…in which I talk about a recent dream and the advice I’d like to pass on to my son.
So, a couple of days ago, just after waking up from a dream, I rushed to the computer and wrote down as much as I could so as to remember it as vividly as possible. I did this because it ended in a message that I want to pass on to Ansel when he’s old enough to understand.
In the dream, I had been visiting my grandparents and was talking to my niece (of whom I have none, though I believe she was my grandparents great grand daughter, which would make her my first cousin once removed – and, btw, she was played by Jodie Sweetin). Anyway, we went out for a walk around the neighborhood that occasionally would turn into a bike ride. On our excursion, I started to tell her a story about the times that I was her age and would come down and visit my grandparents much like she was doing on this trip. She was miserable and I wanted to tell her a story about the simple pleasures we had when we used to visit, back when we were her age. I wanted to illustrate that even when we didn’t think we were enjoying it, later we realized we had. I remember trying to decide which story she would enjoy the most and had it narrowed down to four very vivid memories, choosing what I felt would be the most appreciated.
The story started off well, though I can’t remember what I was actually telling her. I’m sure that was yet another subconsciously created tale that it, itself, was not historically accurate. But as we traveled on our tiny journey, she listened, and I seem to recall she enjoyed what I had to say. I specifically remember a moment at which I asked her how old she thought I was, she never had a guess, but I told her specifically that the story happened about 20 years ago. I found that, however, the further I got in the story, the fewer details I could recall and the story subsequently started to fall apart. She decided that the story was sad because not only did we not realize we were having a good time, but that in addition, I couldn’t even remember it all.
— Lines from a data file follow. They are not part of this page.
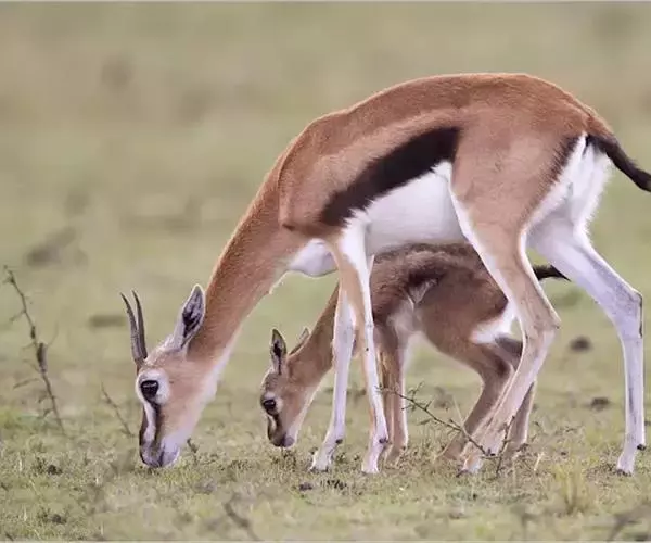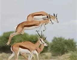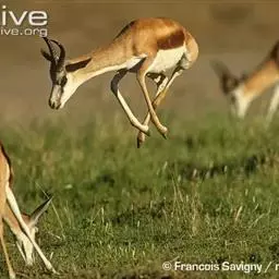 汤普森瞪羚(Gazelle thomsonii)是一个很好的例子,肩高60-80厘米,毛色为棕色和白色,身体两侧有一条黑线。雄性的角又长又弯。当瞪羚受惊吓时,瞪羚先是不紧不慢跑,然后突然跳得很高。这种行为是由阿默兹·扎哈维在研究瞪羚时发现的。
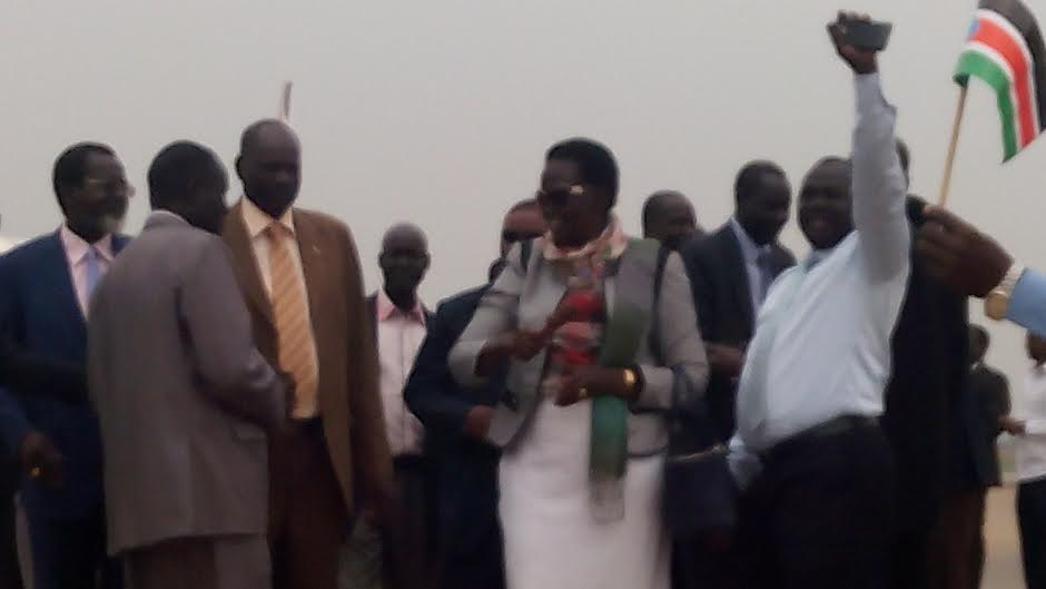 [Juba, South Sudan, TCT] A widow of the late Dr. John Garang De Mabior, commonly known as Mama Rebecca Nyandeng, arrived in South Sudan on Friday morning for hope to give peace a boost.
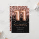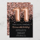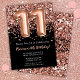 11th Birthday Invitation Black Rose Gold Glitter Elegant black and rose gold 11th birthday party invitation for a 11 year old girl with modern script writing and fun foil balloons.
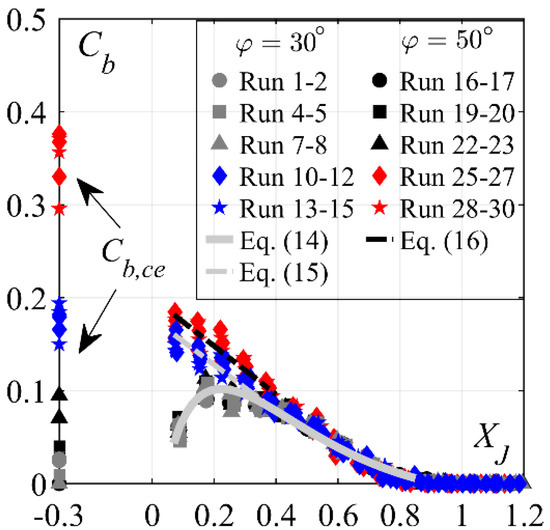 The 50° stepped chute approach flows had significantly higher bottom air concentrations within XJ ≤ 0.4, as compared to 50° smooth chute approach flows, with values reaching up to Cb = 0.18 at XJ = 0.08 (Figure 21). The increased values after 50° stepped chute approach flows, similarly to those after 30° stepped chutes, can be attributed to the significantly higher Cb,ce and comparatively lower pressure magnitudes at the flow deviation point [12] (Figure 13a). Further downstream, the values of Cb decreased up to XJ ≈ 0.4, beyond which they coincide with smooth chute approach flow values. Comparing the 30° and 50° stepped chute approach flows (Figure 21), it was noticeable that 50° stepped chute had a slightly higher air concentration (on average 2% more) within XJ ≤ 0.4, as compared to 30° stepped chute, despite the significantly higher bottom air concentration at the 50° stepped chute end (18%, on average) This was caused by the higher pressure magnitudes at the flow deviation point downstream of 50° stepped chute (Figure 13a), which lead to higher de-aeration rates at the basin entrance. Further downstream, i.e., XJ > 0.4, the bottom air concentration development was independent of the chute slope φ

At this point, our walk on a dock had changed to a restaurant, and we were exiting as the story really began to decay and I started to take note of our surroundings (the story wasn’t even keeping my interest anymore, and I was the one telling it). I found that we were walking across a campus and in an attempt to concentrate, we sat down along an embankment of small trees and shrubs. Finally, rather than try to pick up the pieces of my disintegrated story, I explained that I she was missing the point of the story. I apologized for failing to tell the story through to it’s end, but that by failing to do so, I had, in fact, illustrated my point. She asked me what that point was and I explained to her that the essence was that she should to cherish everything. As I said this, I was indicating to a branch on the shrub that had an insignificant pink flower on it, as if to point out how something so small could still be simply beautiful.
Of course, this being a dream and all, I also noticed that Alyssa Milano and Michelle Pfeiffer were tending the grounds of the campus – Alyssa was in a gauzy white dress and Michelle in a fairly conservative outfit. Distracted, I told my niece to cherish everything right now, the colors, the flavors, the textures, everything. Don’t concern yourself with the future, and don’t linger on the past, just take as much joy in today as possible because as time passes, things will fade – like my story – and what you think you will remember, you very well may not. Cherish everything right now, and live as much in the moment as you can.
It was at this point, that I started hitting on Alyssa Milano, and Michelle Pfeiffer started hitting on me. And of course I woke up just before anything actually came of it all. So much for cherishing everything, right?